# Description of the task:
Your answer must be the records below, given again exactly, with no pictures in it.

** Given records follows **

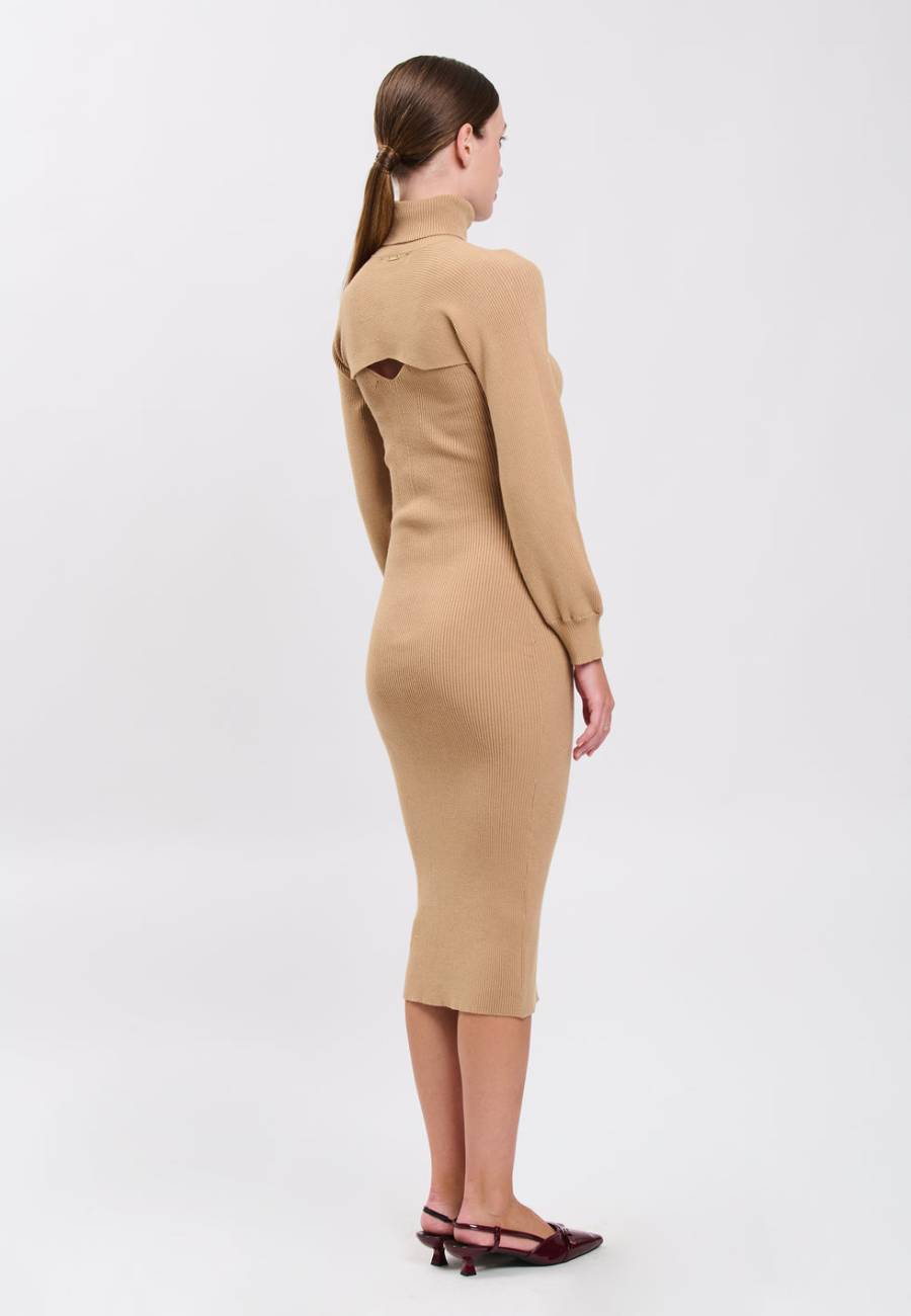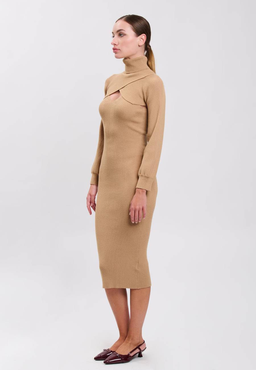 Questo abito in maglia 2 in 1 combina un vestito in maglia a coste e un coprispalle a collo alto, creando una silhouette elegante e contemporanea offrendo molteplici possibilità.
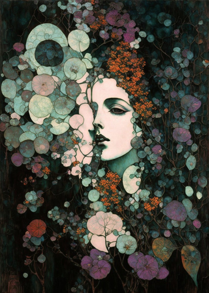 Patchwork pandemonium, portrait in plutonium, patina of ancient stone with moss, art brut, moody, somber, desaturated colors, in the style of Paul Klee, Banksy, Arthur Rackham, Prompt by KRW
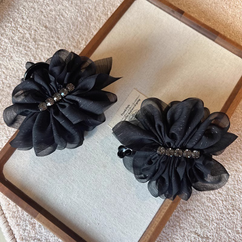 気質ラインストーンバナナクリップ韓国ヘッドバンドポニーテールクリップブラックメッシュプリーツリボンクリップ後頭部クリップ
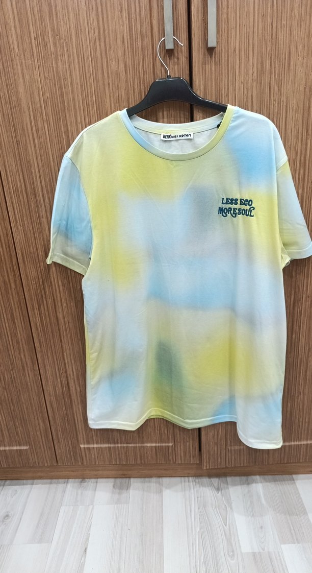 XL beden Pamuk kumaştan erkek tişört, pastel renkli tie-dye desenli, bol kesim ve yuvarlak yaka. Kısa kollu, günlük rahat stil, "MORESOUL" ve "LESSEGO" yazılı detaylarla şık ve rahat.
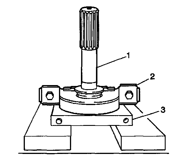 1. Install J 37623 (2) onto propeller shaft (1) at weld shoulder (3) with taper of tool pointing away from the splined stub shaft.
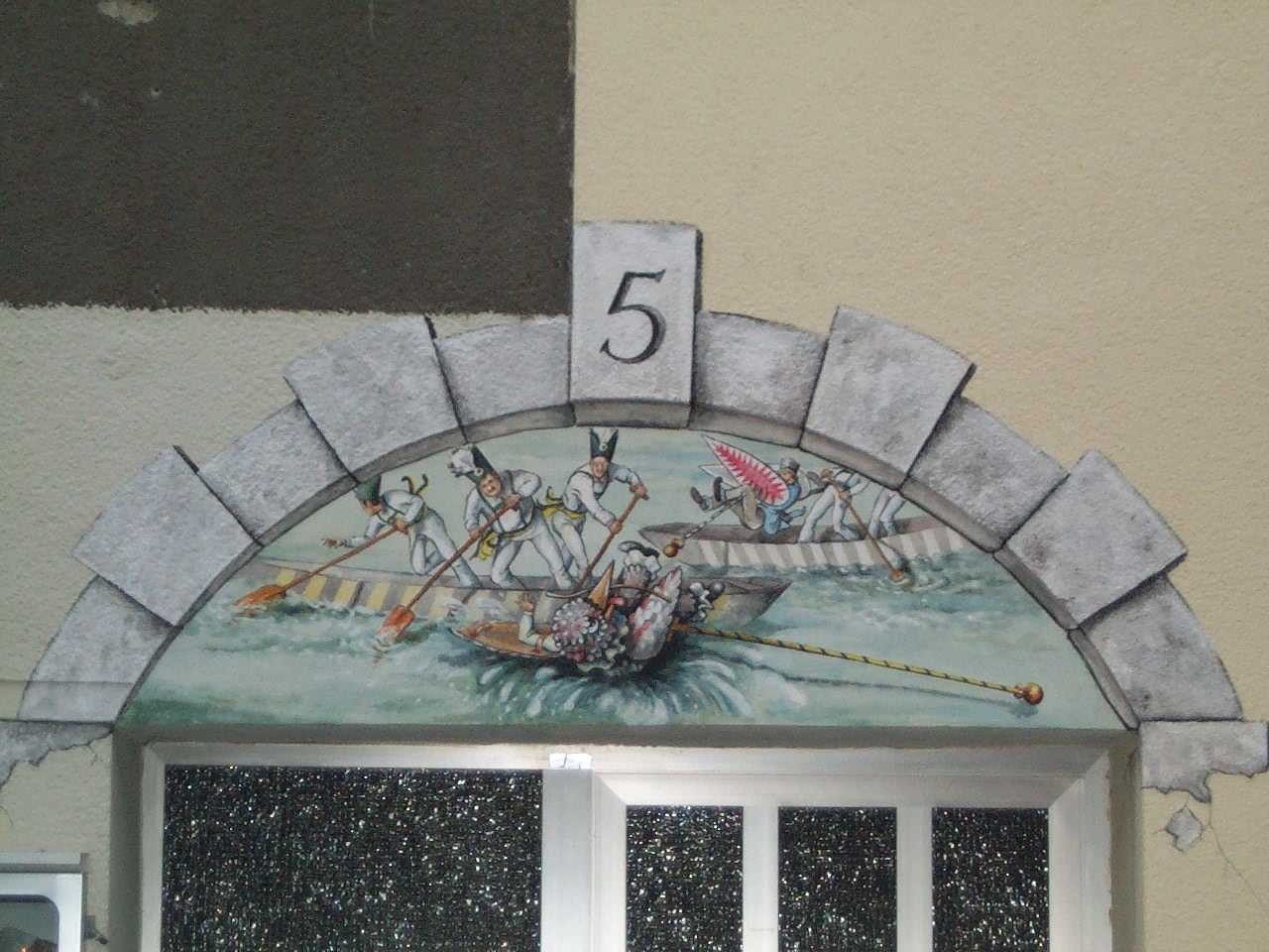 | Artwork over fools' guild door. |

** End of Given records **

# Written response:
 Questo abito in maglia 2 in 1 combina un vestito in maglia a coste e un coprispalle a collo alto, creando una silhouette elegante e contemporanea offrendo molteplici possibilità.
 Patchwork pandemonium, portrait in plutonium, patina of ancient stone with moss, art brut, moody, somber, desaturated colors, in the style of Paul Klee, Banksy, Arthur Rackham, Prompt by KRW
 気質ラインストーンバナナクリップ韓国ヘッドバンドポニーテールクリップブラックメッシュプリーツリボンクリップ後頭部クリップ
 XL beden Pamuk kumaştan erkek tişört, pastel renkli tie-dye desenli, bol kesim ve yuvarlak yaka. Kısa kollu, günlük rahat stil, "MORESOUL" ve "LESSEGO" yazılı detaylarla şık ve rahat.
 1. Install J 37623 (2) onto propeller shaft (1) at weld shoulder (3) with taper of tool pointing away from the splined stub shaft.
 | Artwork over fools' guild door. |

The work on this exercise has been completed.